#ChampionMom - Teaching Our Children Compassion and Gratitude
Wednesday November 15, 2017
As parents, the list of things you teach your children is endless--from walking and talking, to reading and writing, to attitudes and behaviors, the list is endless.
You are molding your child and helping them grow into happy, successful adults. With the increase of negative messages throughout the news and at our fingertips with social media, it’s even more important to teach children about compassion and gratitude. These values will help them grow to become kind and moral adults.
Studies have shown that kids who practice grateful thinking have more positive attitudes toward school and family. Expressing gratitude helps children and adults to build stronger, more positive and more genuine relationships. People who regularly express gratitude are more likely to be compassionate and forgiving of others, and live healthier and happier lives. Who doesn’t want that for their children?

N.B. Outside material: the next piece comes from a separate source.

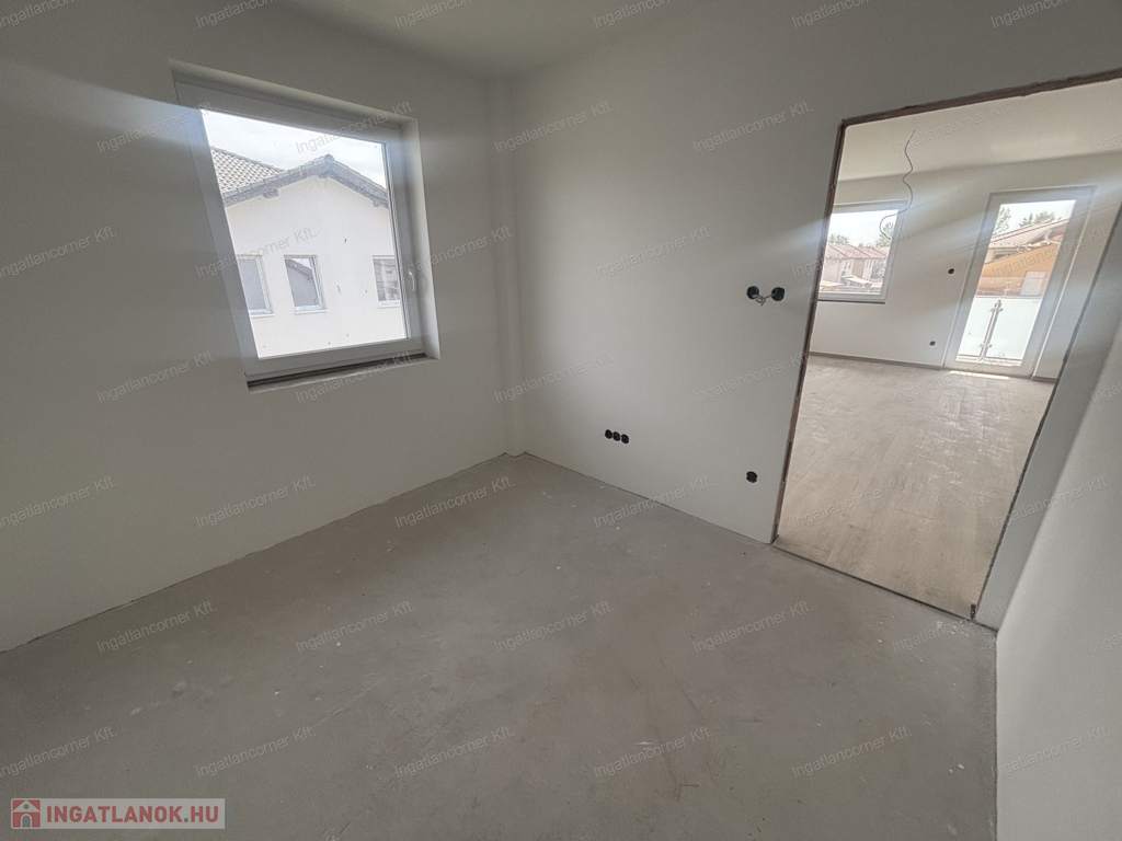 3, lakás nettó 60,77 m2 + 9,29 m2 terasz, nappali + 2 háló, 119 m2 telek, fan-coil klíma (a hálószobákban kiállás előkészítés), riasztó, kaputelefon, 2db parkoló

Here are some great ways to encourage compassion and gratitude with your children.
- Have a moment of thanks each day. This may look like a conversation over dinner, or on the way to an after school activity. This daily tradition can help develop a positive frame of mind. Keep in mind that even small things, like a new toy or receiving a piece of mail is something to be grateful for. Older kids might even prefer to keep a gratitude journal and write down a few things they were thankful for each day before going to bed.
- “It’s better to give than to receive.” This saying has stuck around for a reason - it really does feel great to help someone else out. Depending on their ages, kids can do little tasks for elderly neighbors or at a local food bank. You can even make community service a family activity. When kids give their time and energy to help others, they’re less likely to take things like health, home and family for granted.
- Be a role model. If we wish for our children to become more caring and empathetic we must first model this behavior in our own lives. When engaging with other people, we must try our best to be honest, compassionate and fair. By ensuring that we ‘practice what we preach’, we maximize the likelihood that our children will adopt this moral attitude and behavior and practice it in their own lives.
How you choose to teach and practice gratitude and compassion is entirely up to you. What’s important is to find a way that fits with your family. Implementing these practices will help you raise children who appreciate what they have, show responsibility, have a healthy perspective on material possessions, are generous, and think about the needs of others.